If I had a premium choice in the matter, I think I would choose to live in a big city with easy access to the arts. However, my job that I love, the quiet life we have, also has its merits. Our house is affordable, our town is very safe, and my kids have access to ballroom, healthy orchestra/band/choir programs in the schools. Plus our air is CLEAN and the water naturally filtered and delicious. We have a garden spot and little traffic. So how can I work and live in rural America but still maintain my sanity? I would love your ideas, but here are some things I have come up with:
- Take the time to read–every day if possible. I need to read books with literary significance. I have noticed that popular fiction does not cut it for me anymore. They are fun to read for diversion once in a while, but it does not fulfill my artistic need.
- Practice the piano. I have two degrees in music. I am ashamed to say I have gotten out of the habit of actually making music. When my kids were little they would all climb on me while I tried to practice. Rather than be mad at them constantly, I decided to let it go. And I never picked it back up again in any kind of serious way. I play all the time for church and such, but it has been a long time since I learned a Classical piece all the way and truly perfected it.

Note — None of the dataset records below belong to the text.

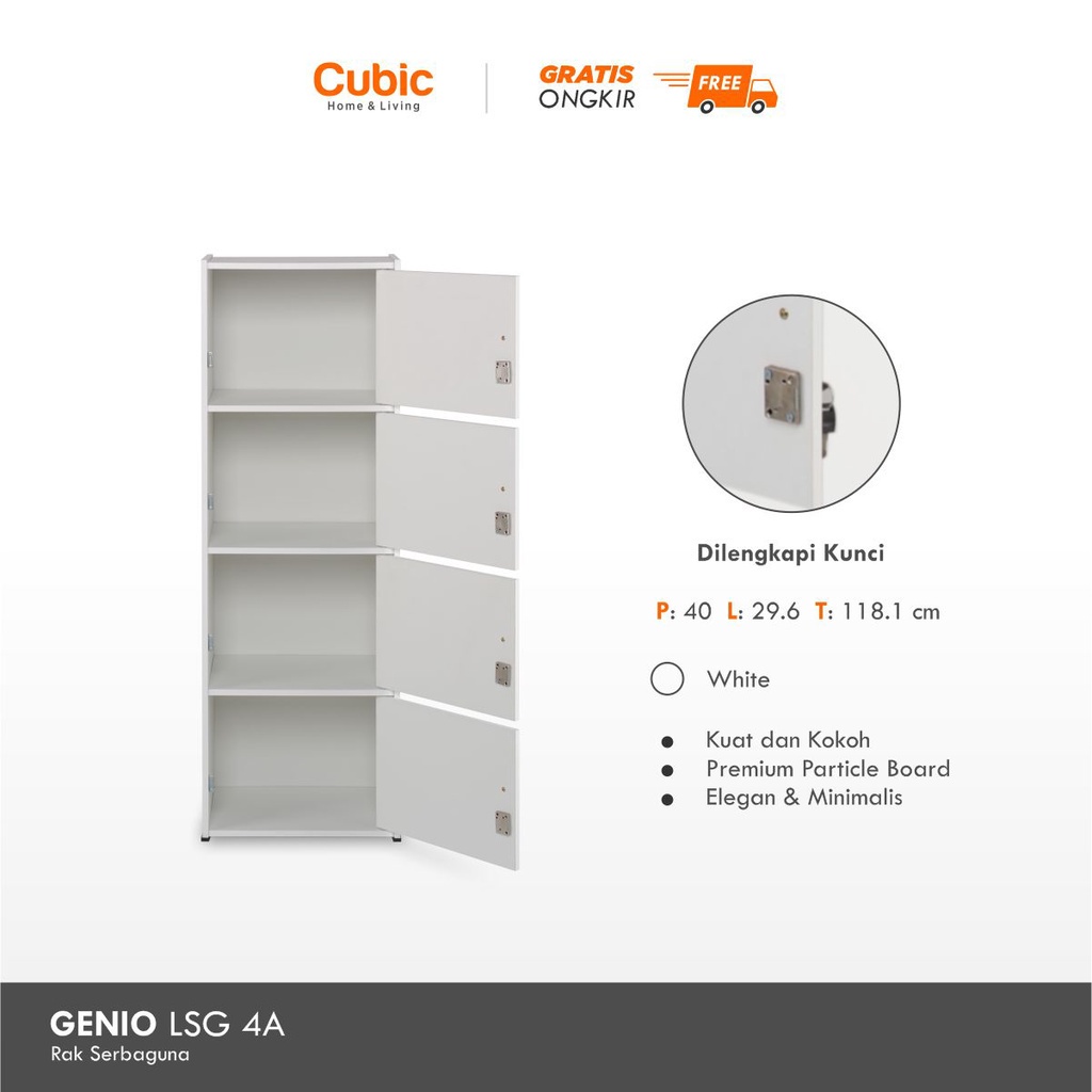 Cubic Rak Pintu Susun 4 Minimalis / Lemari Buku Serbaguna / GENIO LSG 4A
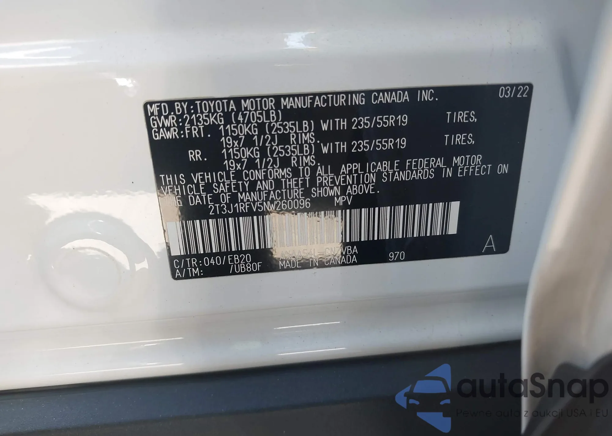 LOT: 43742776 VIN: 4T1KZ1AK7NU069171
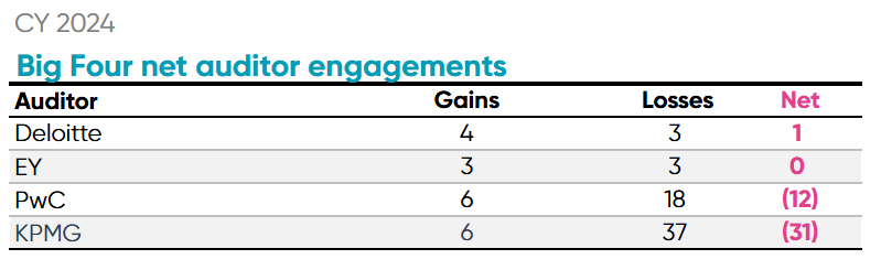 Overall, there were 161 engagements and 172 departures during 2024 among the Big Four and major global and national firms. Five of the top firms had net gains while the other six experienced net losses.

- Remember that I love to cook and make things that are not just delicious, but pretty too.
- Make sure I get OUTSIDE and enjoy nature. Our winters are wretched, but our summers are exquisite. But those long winters and the fact that our university (and thus my teaching schedule) runs year round make it difficult to remember to take the time and really enjoy it.
- Consider staying in my small house for LIFE so I can always have funds for travel. Travel can rejuvenate me and provide a bolus of the arts I need so I can make it to the next opportunity.
- Make a list of foreign and artsy movies for me to work through.
- Methodically listen to music. Not as background, but with a score if possible. And with headphones, to block distractions. I am not good with casual interactions with most music.
- Finally, acknowledge that for ME, experiences with the arts are not “frivolous.” They are necessary for balance, fulfillment, and happiness, and I need to give myself permission to devote my full attention to them on a regular basis.
I would love to hear from you. What do you do to stay fulfilled? What activities bring you happiness? What helps you stay centered? What helps you filter out the “noise” and meaningless activities of modern life and focus on what really matters? What helps keep you spiritually sensitive? Now that I am in my 40s, I think I can confidently say that for me experiencing creativity–either my own or that of others–helps me in incalculable ways.

Like this young girl in this Picasso painting, apparently I was in need of some urgent self-reflection. (Picture taken at the MOMA a few days ago).